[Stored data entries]
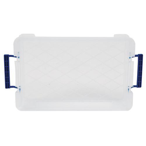Caja de almacenaje y tapa – 5,5 y 51 L – Manutan Expert Práctica caja de almacenaje que permite una visualización inmediata del contenido. Gran comodidad gracias a las asas. Garantía al cliente : 10 años Carga máx. (kg) : 120
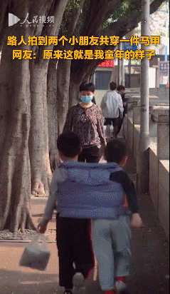 兩名小男孩共穿一件馬甲
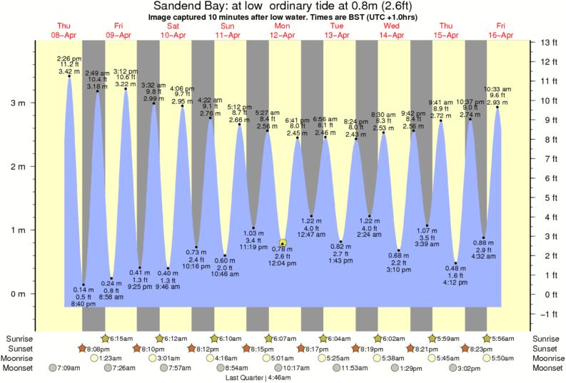 Image captured 10 minutes after low water (at low ordinary tide). Tide height was 0.8m (2.6 ft). Range 3.81m (12.5 ft). Toggle tide graph
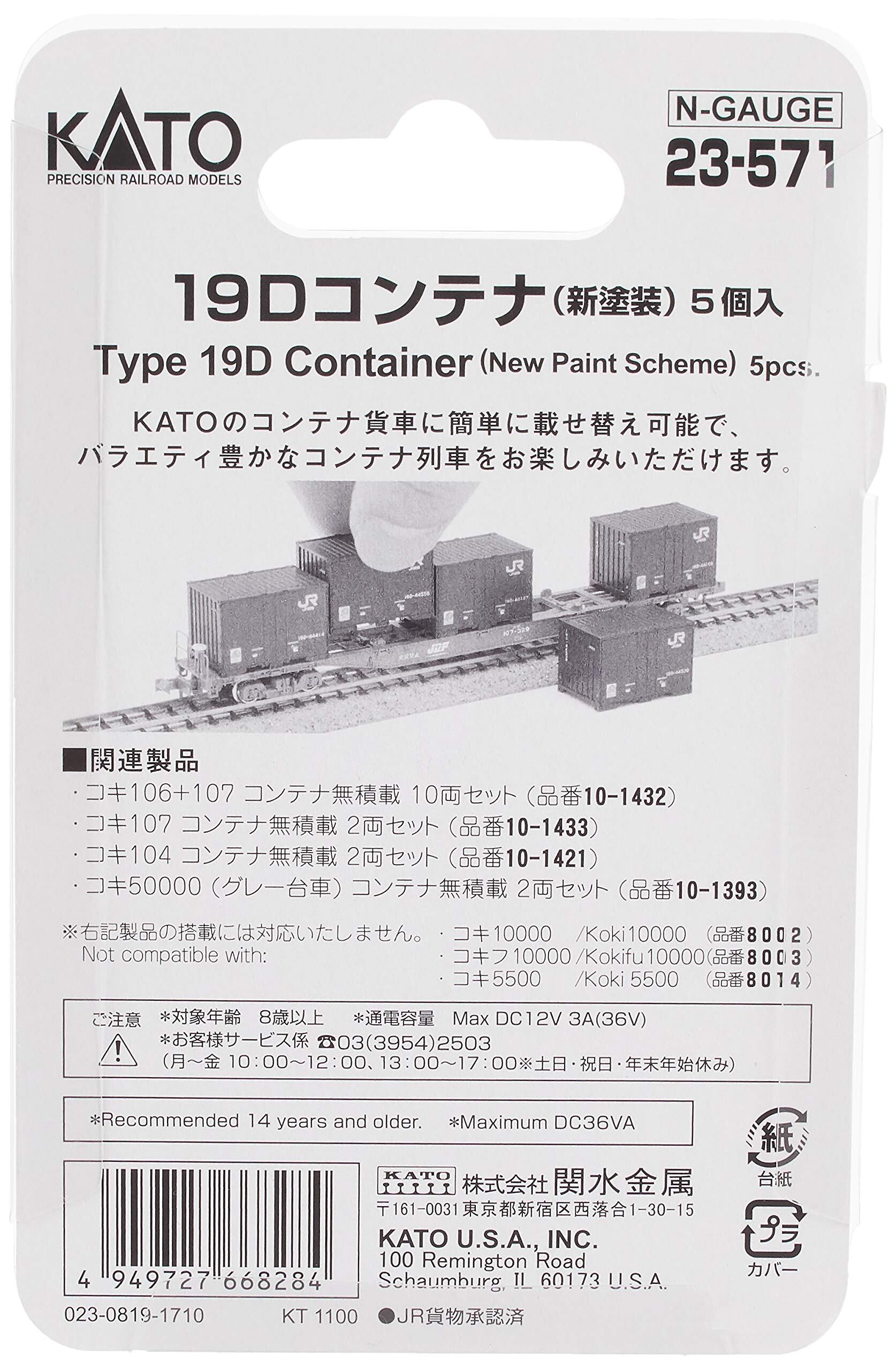 KATO Nゲージ 19Dコンテナ 新塗装 5個入 23-571 鉄道模型用品。 既存製品とは異なるシンプルな外観・表記を再現。 コンテナのサイズを見直し、貨車への積載時に隣りとのコンテナの隙間が狭くなり、よりリアルな状態を再現。 ツメの位置や構造などは既存製品を踏襲。 エコレールマーク付。 。 無積載のコキ各形式に自由な組み合わせで搭載し、実際の貨物列車同様のバラエティに富んだ編成でお楽しみいただけます。 完全新規製作のコンテナのみの5個セットになります。 JR貨物承認申請中 日本石油輸送株式会社 商標使用許諾申請中。 S000-K9999
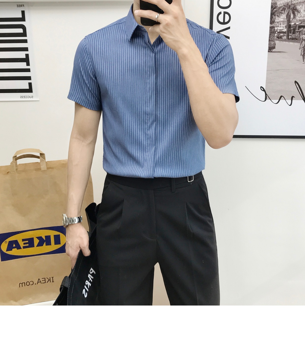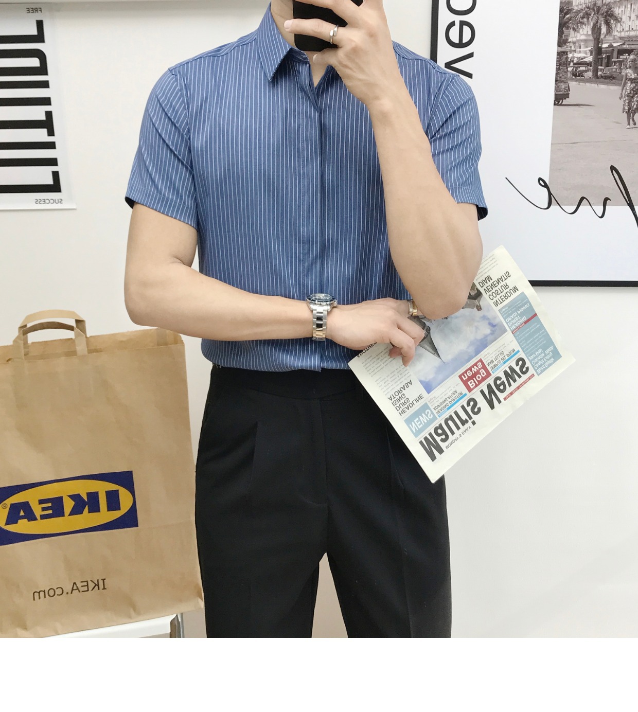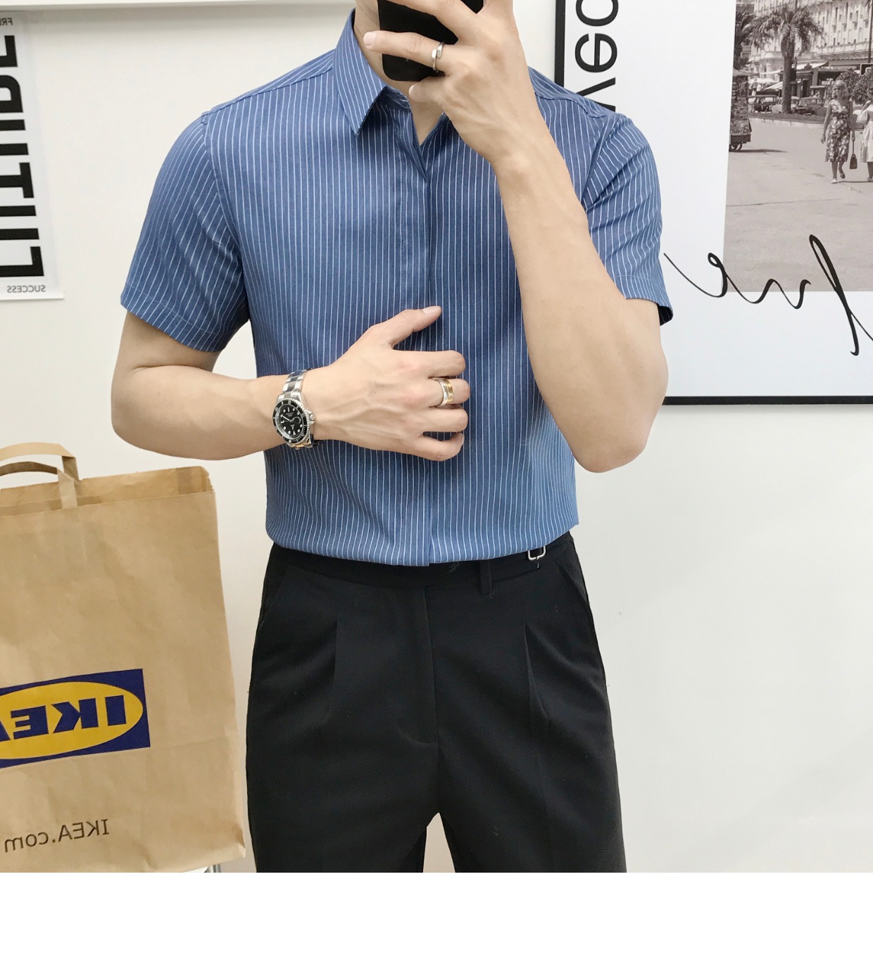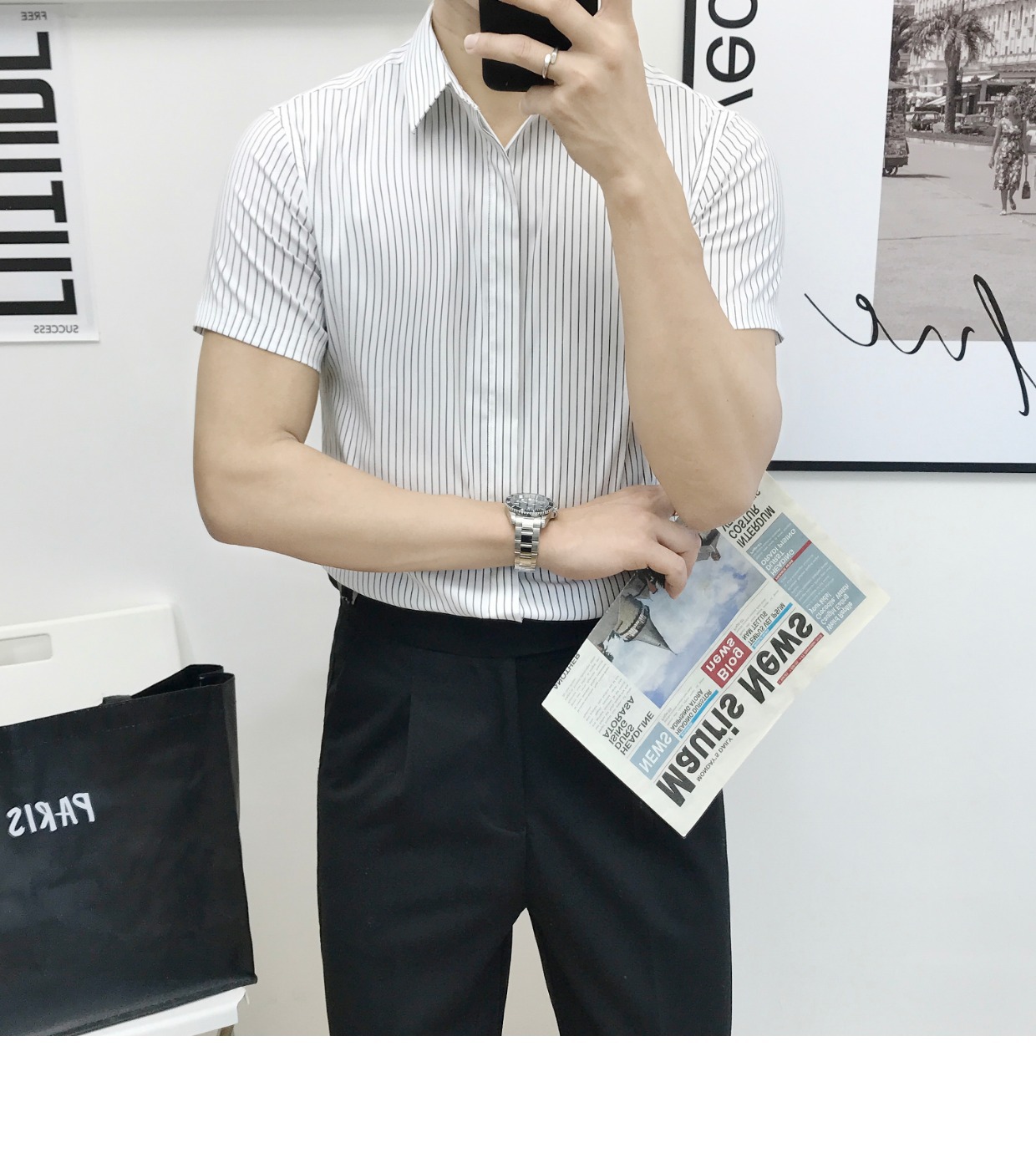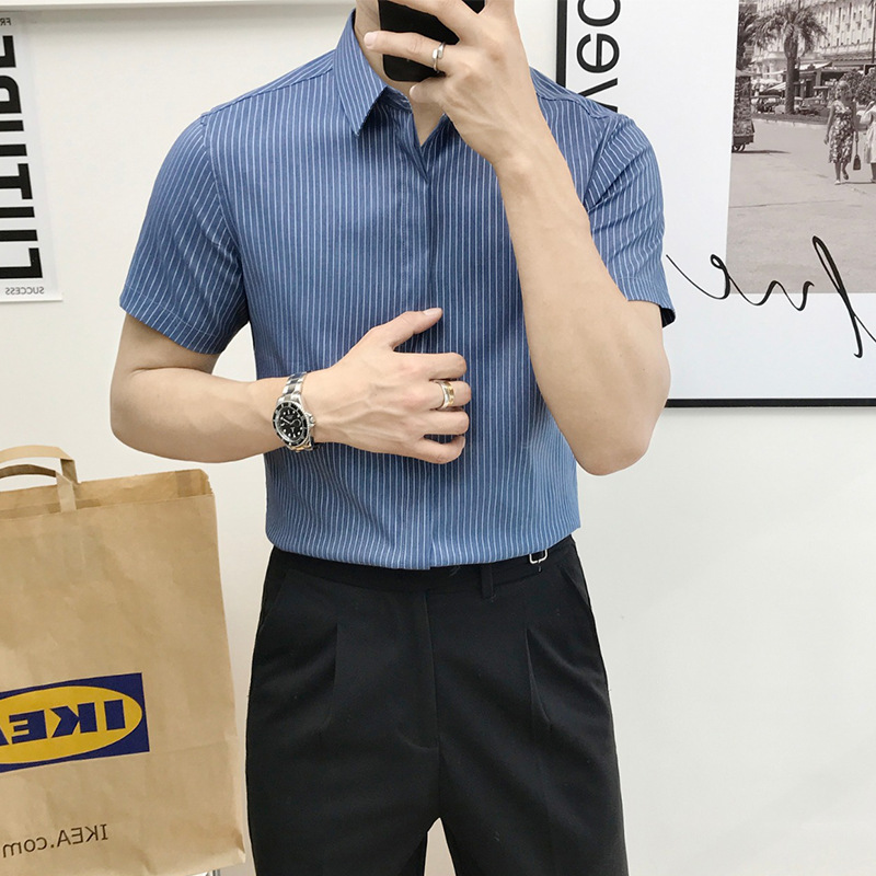 여름 얇은 줄무늬 셔츠 남자 반팔 한국 유행 잘 생긴 셔츠 다크 버튼 남자 비 다림질 반팔 셔츠스토어 가기

TO DO: Your copy must hold exactly the lines from the one with "兩名小男孩共穿一件馬甲" to the end of the records above, both included, and no pictures.

RESULT OF THIS TASK:
 兩名小男孩共穿一件馬甲
 Image captured 10 minutes after low water (at low ordinary tide). Tide height was 0.8m (2.6 ft). Range 3.81m (12.5 ft). Toggle tide graph
 KATO Nゲージ 19Dコンテナ 新塗装 5個入 23-571 鉄道模型用品。 既存製品とは異なるシンプルな外観・表記を再現。 コンテナのサイズを見直し、貨車への積載時に隣りとのコンテナの隙間が狭くなり、よりリアルな状態を再現。 ツメの位置や構造などは既存製品を踏襲。 エコレールマーク付。 。 無積載のコキ各形式に自由な組み合わせで搭載し、実際の貨物列車同様のバラエティに富んだ編成でお楽しみいただけます。 完全新規製作のコンテナのみの5個セットになります。 JR貨物承認申請中 日本石油輸送株式会社 商標使用許諾申請中。 S000-K9999
 여름 얇은 줄무늬 셔츠 남자 반팔 한국 유행 잘 생긴 셔츠 다크 버튼 남자 비 다림질 반팔 셔츠스토어 가기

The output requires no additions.